As someone who has traveled a lot one of the most common excuses I hear for poor behavior is “culture”.

So for the record let’s just sort some basic facts out. Culture is those elements of the tradition or lifestyle that define a people, those elements that are ingrained into who they are.

For example, not eating pork (take your pick), excessively long lunch breaks (Latin America and parts of Europe) or short lunch breaks at your desk (The UK), these things are cultural and come from a long history and tradition.

However, not confronting an issue because the “culture” is to avoid conflict is just bad practice, not acting because the person didn’t appeal or lobby emotionally enough is not culture, it is just ignoring pressing issues, retaliating harshly when offended, or paying bribes – all of these things are not cultural, they are practices.

There is a need to differentiate between practices within a company and practices that one sometimes comes across internationally.
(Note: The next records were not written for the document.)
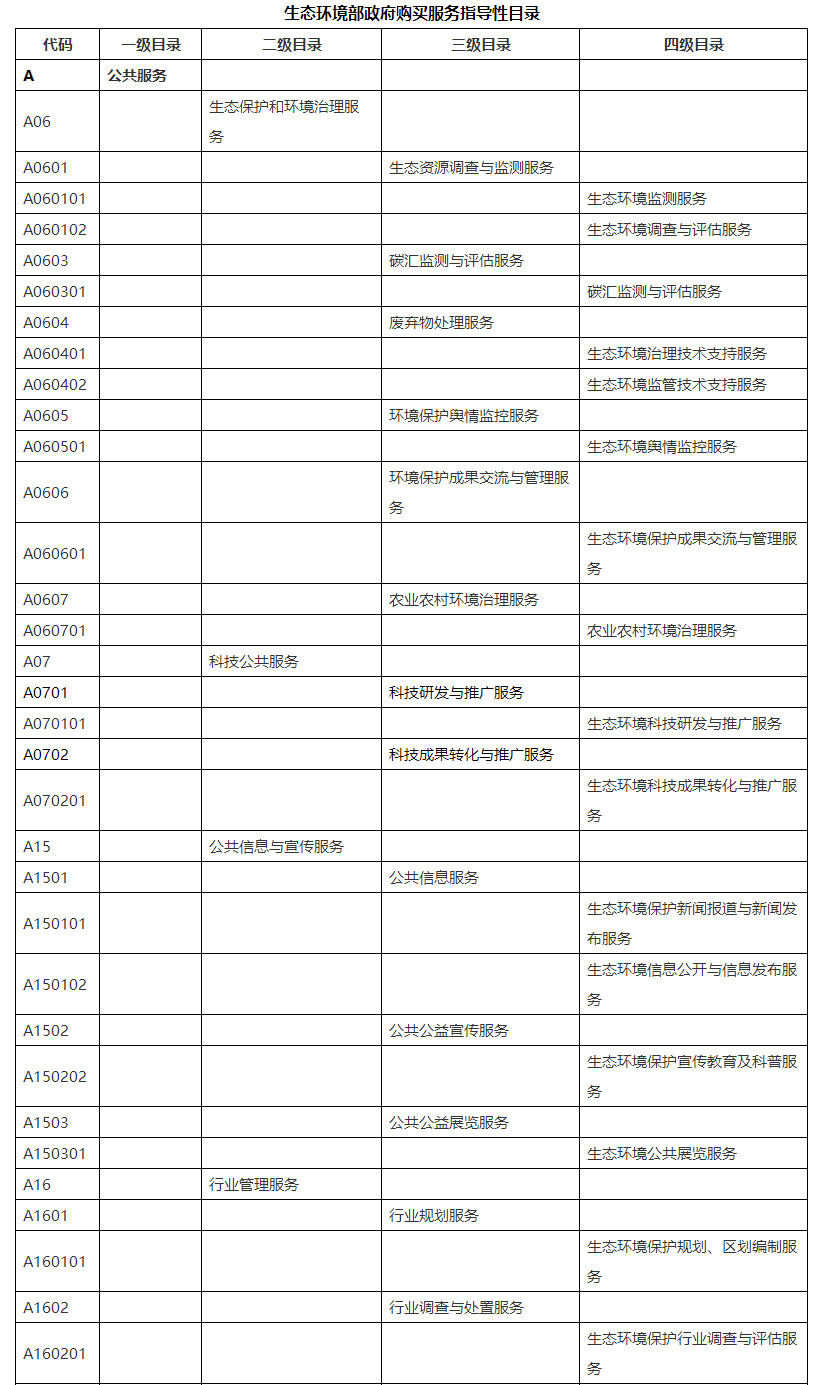 《生態(tài)環(huán)境部政府購買服務(wù)指導(dǎo)性目錄》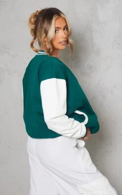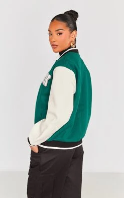 Prettylittlething Forest Green Faux Leather Contrast Sleeve Varsity Bomber Jacket Forest Green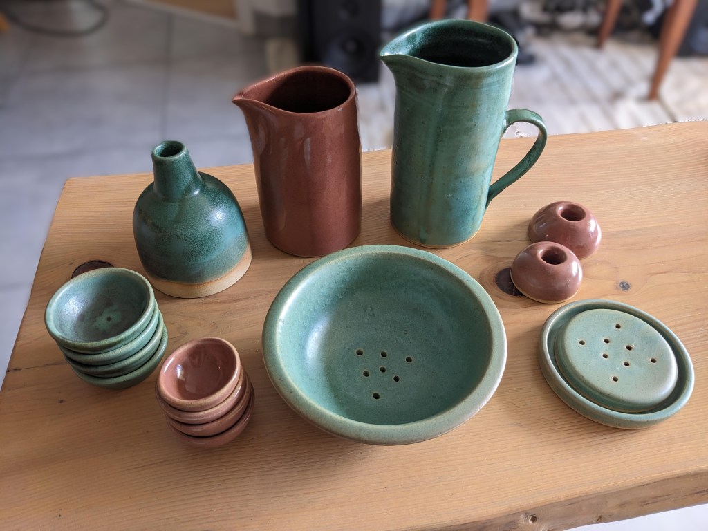 J’ai réalisé 8 séances de 2h30 chacune, soit un total de 20 heures de poterie. Lors de ces séances à l’atelier, j’ai réalisé toutes les étapes de fabrication : tournage, tournassage et émaillage. À titre indicatif, sur ce laps de temps, j’ai réussi à réaliser :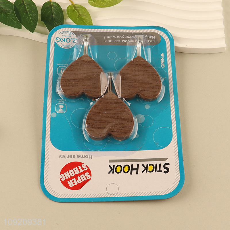 Wholesale 3 Pack Wood Grain Plastic Wall Hooks Adhesive Coat Hooks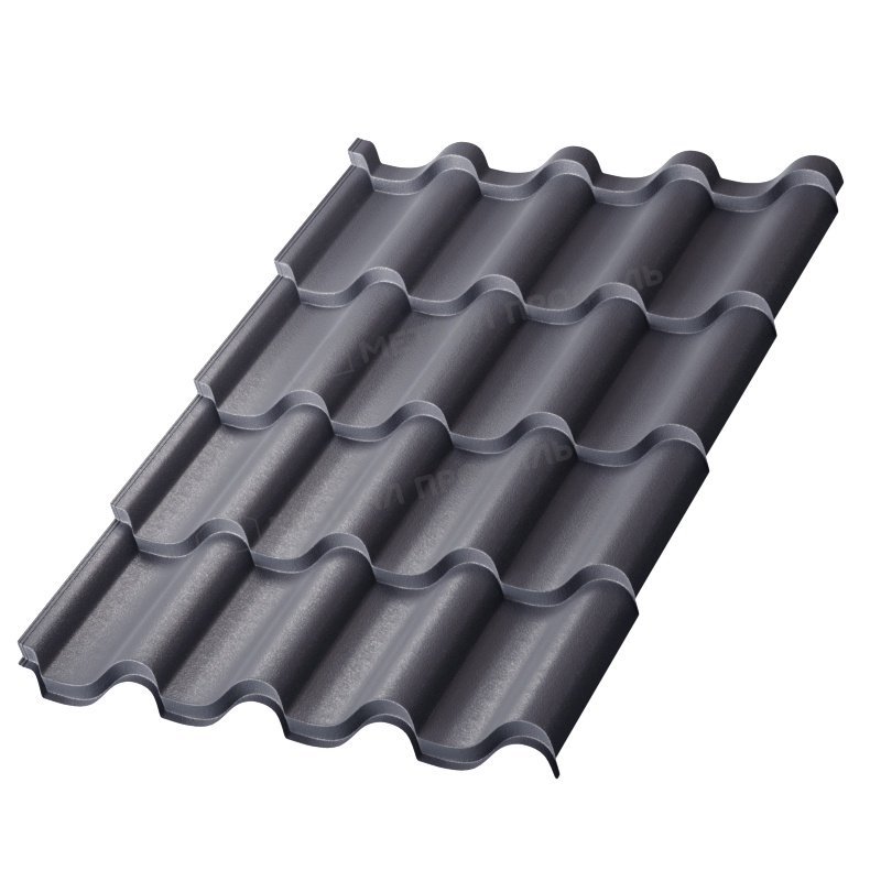 Металлочерепица Монтерроса-S от Металл-Профиль с толщиной 0,5 мм и покрытием VikingMP® E в цвете RAL 7024 Серый графит сочетает эстетику классической черепицы с прочностью металла. Это надежный материал для кровли, устойчивый к погодным условиям, с матовой текстурой для стильного вида крыши. Идеален для частных домов и коммерческих объектов, обеспечивая долговечность и простоту монтажа.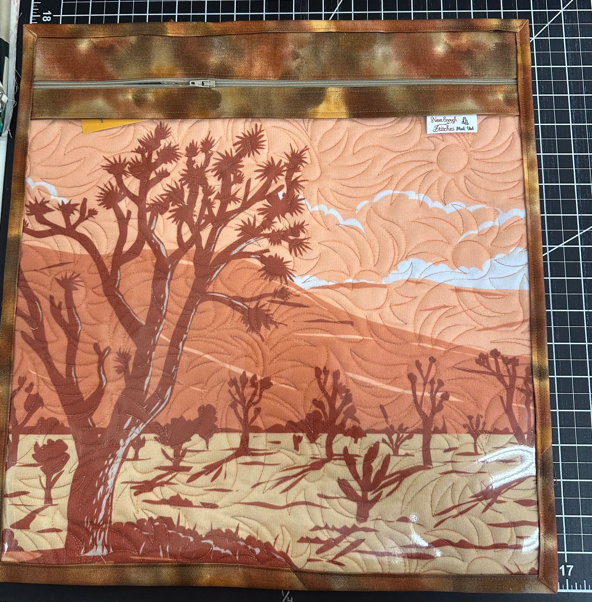Great for keeping your projects nice and organized! Vinyl front with a zipper. May or may not have a handle, please look at the back of the bag for indication of handle.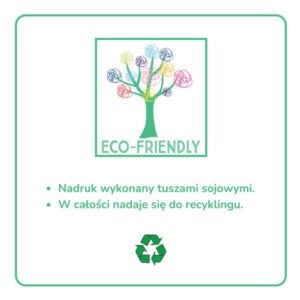 Produkt przyjazny dla środowiska. Nadruki zostały wykonane tuszami sojowymi. Produkt w pełni nadający się do recyklingu

Within a company it is okay to refer to these things as cultural, because there is often an immediate recognition that they need to change and a new culture needs to be overlaid in the organization.

However, often when you come across practices such as these in the international scene the word culture is often used to mean “unchangeable”. This is garbage and it is an excuse for bad behavior. They are bad, negative practices that people accept because they do not have the intestinal fortitude to try to change them.

The term culture has become watered down in its organizational use today. Try to differentiate between those things that are truly cultural, things that come from a long history and tradition and define what a people are.
Bad practices are just bad practices no matter where in the world you find them.